Although I’m a big fan of La Sportiva climbing shoes, I really like the Scarpa Gecko approach shoe. The Gecko is what I have been using for years here in Mexico on all the rappels from the big multi-pitch climbs. Essentially, none of the big wall routes here have walk-offs (which these shoes would also be great for), but it’s nice after 10+ or 20+ pitches of climbing to slip these shoes on for the long descent back down the route.
Comfort is the most important quality to me, but these shoes are also great for swinging around on the wall and maneuvering in the event of a stuck rope.
I’ve even done quite a bit of climbing in these shoes here, too. They are a must for climbing in Potrero.
For the big wall climbing here, you should probably be bringing some sort of small climbing pack. Everyone has his or her favorite, but you really don’t need anything all that high tech, just something about 10 to 20 liters in size. I just use Osprey’s small Daylite pack. 15 or 20 l. It’s super small, durable, and more than spacious enough for my water and favorite climbing snacks (tamales)!
Because all the routes here are bolted, there isn’t really a need for a climbing specific pack to haul extra gear. You won’t be needing any of that.

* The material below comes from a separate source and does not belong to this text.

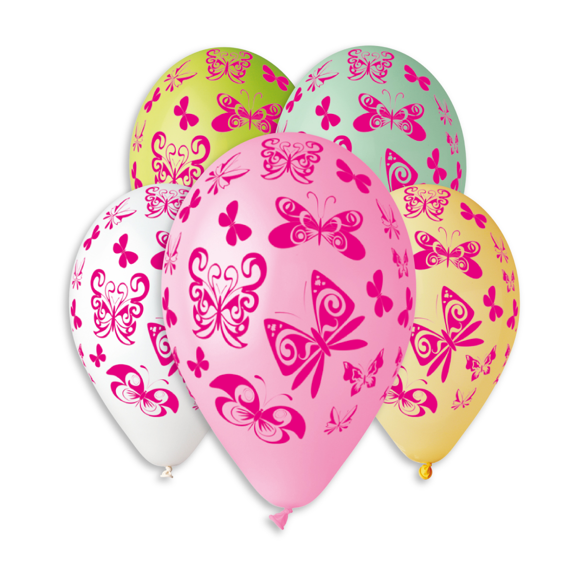 GS110-106-80 | Balloons 30cm/12" Pastel print Butterflies (100pcs) |

While all the campgrounds offer rooms or small houses, camping is a great way to keep the cost of your trip down and gets you the true Potrero experience.
This Tiger Wall UL2 is the tent I have and I love it. It is super lightweight, which is important if you are flying and trying to keep your weight down for that big gear duffle bag. It also packs down pretty small. Just right for two people on a climbing trip.

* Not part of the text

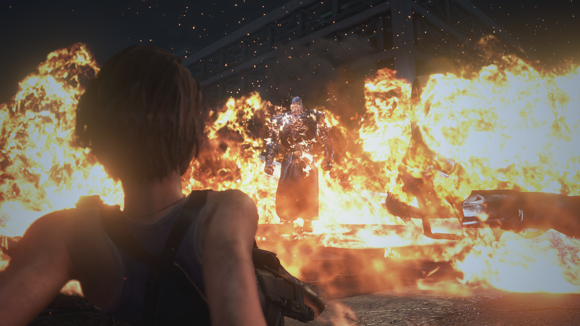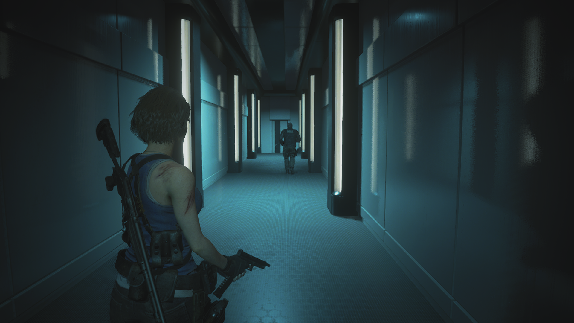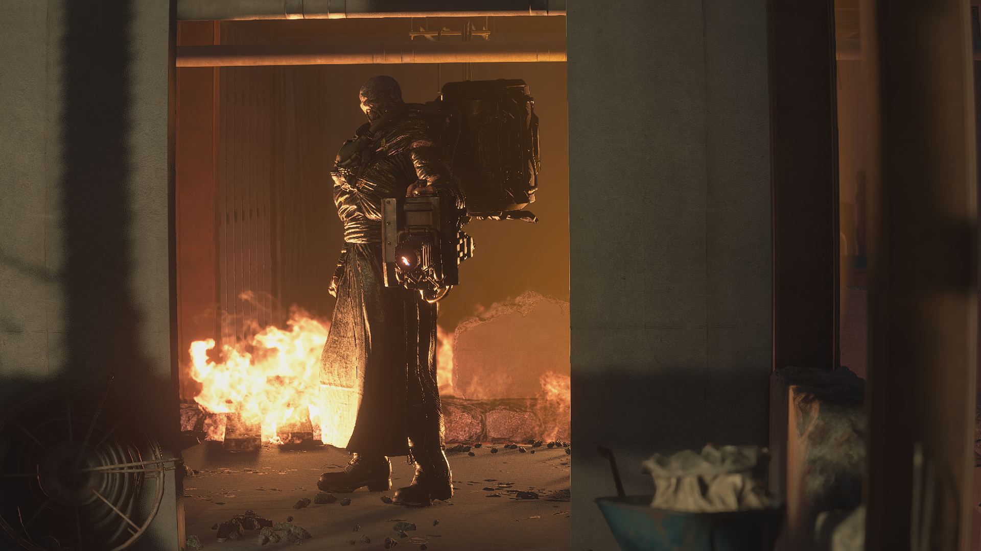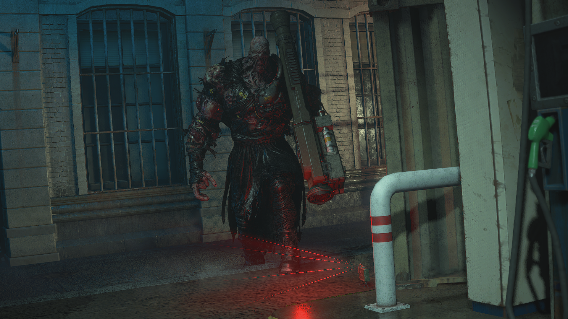 Si en el original te daba miedo, acá va a ser aterrador. El rediseño de Nemesis realmente es acertadísimo, ya que es extremadamente amenazante y cuando lo tenemos en frente, la alternativa es correr (a excepción de que estemos bien armados y queramos alguna pieza extra para nuestras armas si lo tumbamos). No solo eso, sino que usa sus tentáculos para atraernos si nos estamos escapando, da un salto hasta donde estamos para atacarnos, o inclusive más adelante nos ataca con armas como un lanzamisiles como el original o un lanzallamas. Justamente como en 1999, estos momentos están scripteados, y no son como Mr. X donde literalmente nos persigue por todos lados. Si conseguimos escapar de él y pasamos a otro lado, no nos va a perseguir más, pero si lo perdemos de vista en la misma sección, nos sorprenderá de golpe y nos seguirá persiguiendo.

The weather in Mexico can be finicky. Sometimes it’s really hot out and other times the nights get pretty cold. Even though it tends to be warmer during the days of the main climbing season, for a couple weeks each winter the temps can get really chilly. I plan for this with the sleeping bag I bring. I use the Mountain Hardwear Lamina 30 degree bag, which is warm enough to keep me toasty all night long on those really cold nights, but not so heavy that I’m sweltering hot during the warmer ones.
Sleeping pads in Potrero are usually pretty necessary since the ground around all the campgrounds tends to be desert like with a decent bit of rock. I have been and probably always will be a fan of the Thermarest ProLite sleeping pad. I get the full-length version because the half size tends to give you sore knees, since your knees end up just resting on the ground.
Feature Image: The classic view of El Potrero Chico. Photo: Neil Skilton.